23. Not only is this an inappropriate allocation of power, but it also leaves the proposed Authority without any governance and internal structure at all. One can only assume that this detail will either be included in future regulations, or that the Authority will somehow be slotted into the DoH directorate dealing with Medicines Regulatory Affairs. Either way, it is inappropriate for such broad discretions to be allocated to the Minister, particularly in the absence of any guidance regarding their exercise.
CONCLUSION
24. We remain steadfast in the view that the Bill is so deeply flawed that nothing short of a complete rewrite is necessary. This is not only because of the substantive changes that it seeks to introduce, but also because the Bill is the embodiment of a fundamentally flawed departmental consultation process.
As is evident from our written submissions, the DoH appears to have treated this process with significant contempt. In addition, it has not done justice to the findings and recommendations of the Task Team report.
25. As recognised by the Bill, the Task Team report should indeed provide the starting point in the development of legislative reform. However, as discussed in some detail in our second written submission, that report raises numerous concerns such as the Task Team's composition, the manner in and the extent to which it consulted and complied with its terms of reference, and its failure to address the Constitution. In particular, the Task Team report fails to recognise and address the state's constitutional obligations regarding the regulation of health products.
26. In our view, these concerns can be addressed by a process that seeks first to engage stakeholders and build consensus on the development and finalisation of policy before embarking on legislative reform. As alluded to in our first written submission, this is nothing new for some government departments. In that submission, we described the manner in which the Intellectual Property Rights from Publicly Financed Research and Development Bill [B 46-2008] - which is currently being considered by the Portfolio Committee on Science and Technology - was developed, having its genesis in a draft policy framework that was approved by Cabinet as far back as December 2005.5[5]

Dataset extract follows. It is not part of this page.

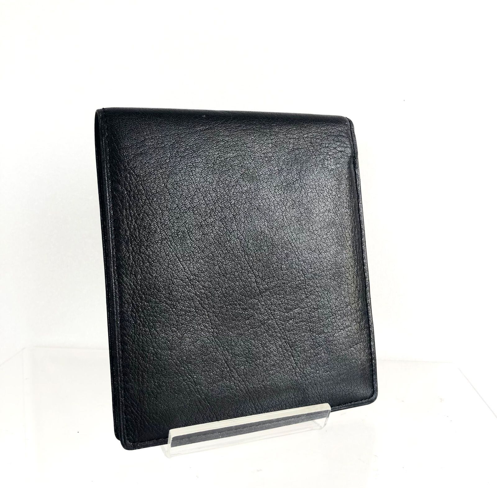 ■外観良品■Yves saint Laurent イヴサンローラン YSL型押し 二つ折り財布 ミニ財布 レザー ブラック ゴールド金具 メンズ ユニセックス

27. We submit that the Bill should be returned to the DoH so that the concerns relating to the work of the Task Team, as well as the findings and recommendations contained in its report, can be addressed at the level of policy. This may require a call for public submissions on the Task Team report or a policy document based on its findings and recommendations. Only then would it be appropriate for draft legislation to be formulated and thereafter considered and processed by this committee.
Zackie Achmat
Deputy General Secretary, TAC
Jonathan Berger
Senior researcher, ALP
Issued by the Treatment Action Campaign. See here for the original in PDF.
[1] The Minister also appears to have been granted inappropriately broad regulation drafting powers, over and above the already overly broad powers as set out in section 35 of the Medicines Act.
[2] For discussion on the legal meaning of the term "public interest", see Rail Commuters Action Group and Others v Transnet Ltd t/a Metrorail and Others 2005 (2) SA 359 (CC)
[3] Once included on the EDL, a medicine would automatically form part of the prescribed minimum
benefits in terms of the Medical Schemes Act 131 of 1998 and its regulations.
[4] In contrast, the US Senate must confirm the President's appointment of the Commissioner of the Food and Drug Administration after a rigorous public vetting procedure.